We’re excited to announce that we finally have a 21st Century automated membership system. Why is this such a big deal? After all, the club has done fine for the last 60 years entering names into a ledger, or, more recently, into a spreadsheet.

This method worked fine back in the day when the club had 200 or 300 members but in the last couple of years the Club’s membership has ballooned (or dare I say, mushroomed) to over 1,500 members. Data entry and membership management fell to our Secretary and Treasurer, both of whom spent many hours every week trying to keep pace with the flood of applications. A frustrating and thankless task for our officers, and sometimes a frustrating experience for members who didn’t always get an immediate response or confirmation.

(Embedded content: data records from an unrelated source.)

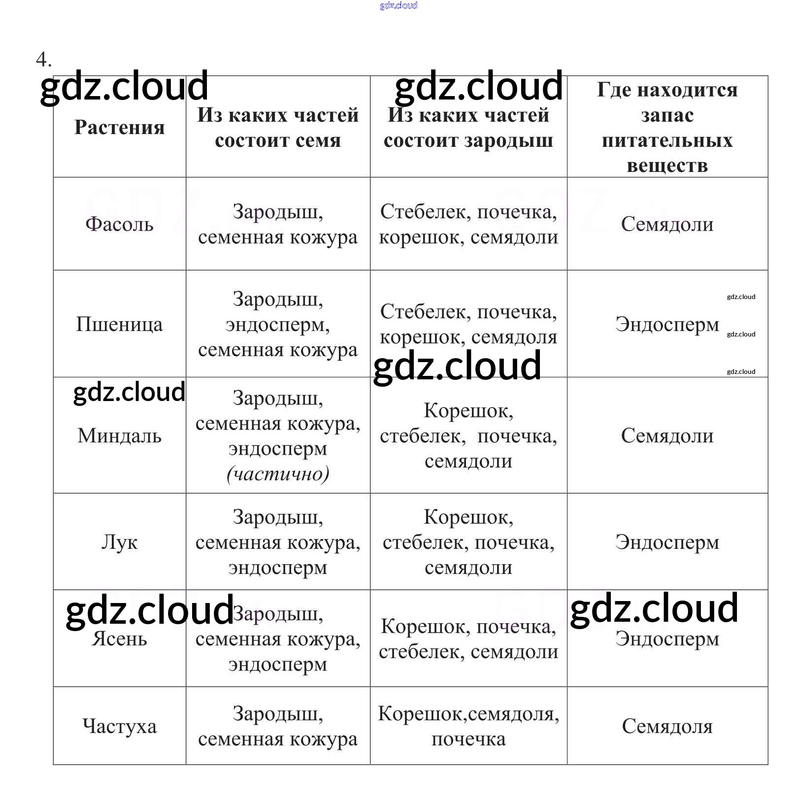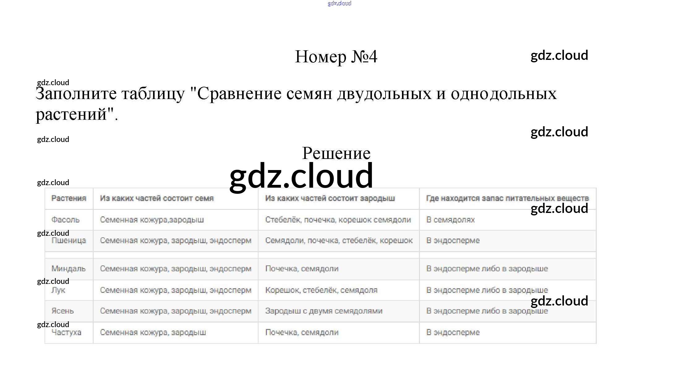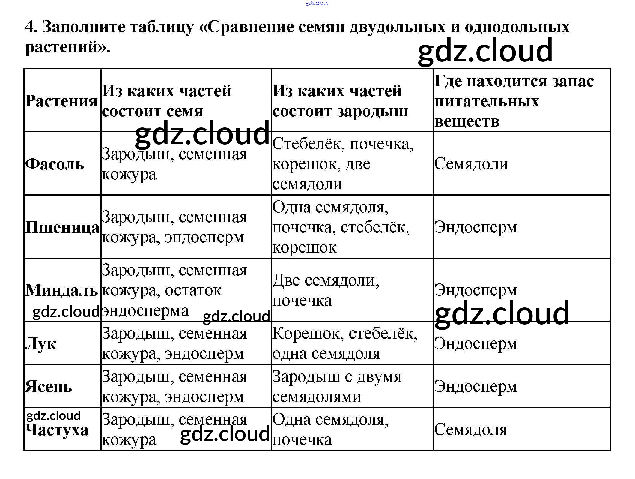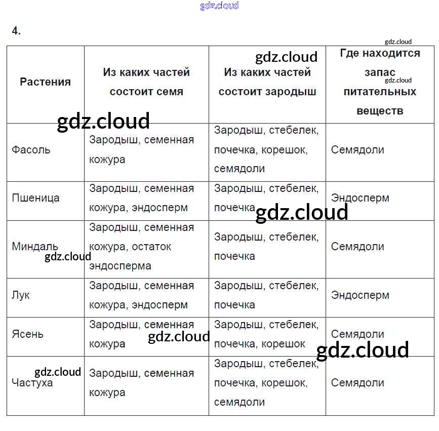 Ответ на задание 4 Рабочая тетрадь Биология за 6 (шестой) класс Пасечник УМК 2017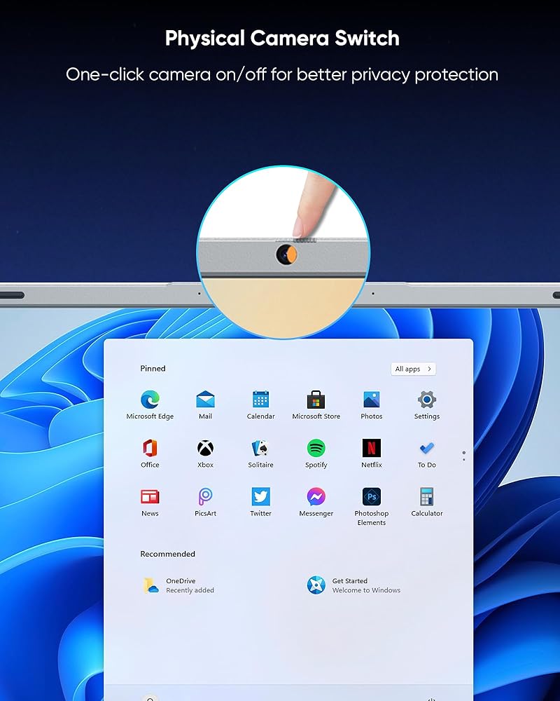 [ Built-In Privacy Shutter: Protect Your Digital Security ] We prioritize your privacy! The webcam comes with a physical privacy shutter that you can slide closed when not in use, preventing unauthorized access. This gives you peace of mind during video calls, online classes, or even when the laptop is idle—no more worrying about accidental camera activation.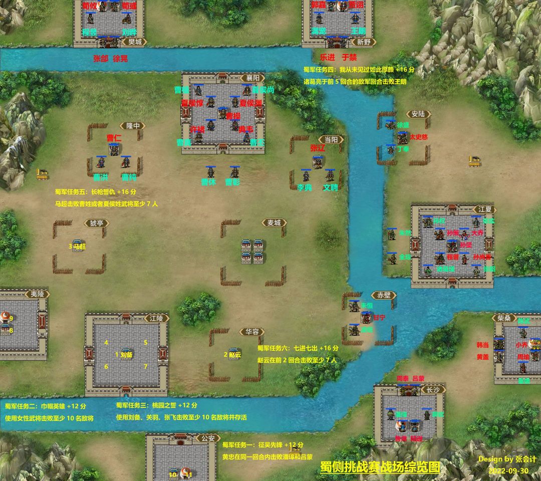 作者:葫芦小七 前言:先来分析一下战场的局势,蜀侧一共有6个任务,各个难度极高,作为萌新,没有皮肤,没有增伤套,没有赵云、马超专属的情况下,想要完成任务,完全不可能。所以该放弃就要学会放弃。除了有黄月英的玩家想做下女性杀十将的任务外,其他任务可以无视了。 本攻略针对的就是不做任何任务,纯肝,纯杀。大佬想要拿高分的也可以无视本攻略了。白嫖党比较费时间,建议1天时间搞一关。 本人简单、挑战难度都打了

But all that has changed. Thanks to the work of Elan Trybuch, our new Secretary, who also happens to be an experienced software engineer, we now have an automated system that makes onboarding members a breeze. For our members, it bring a whole basket of new benefits:

  • Membership applications are confirmed the moment the $20 membership dues hit our PayPal, triggering a welcome email with lots of info and useful resources.
  • Members can now manage their membership themselves, changing their address, adding social media handles and even add a household member for free.
  • Once logged on, they have access to members-only content like information on walks, and ID sessions as well as lecture recordings. This makes it easy to stay on top of the many events that NYMS organizes year-round.
  • Memberships are now for 365 days instead of just to the end of the calendar year.
  • We will now be sending out reminder emails when memberships are about to expire, so no more accidental unenrollments or lapsed memberships!

Best of all for our team, we can now focus on the fun stuff, and spend more time in the forest and less time in front of our computers.

We thank our members for their patience while we were piloting the system and hope you enjoy the new benefits as much as we do.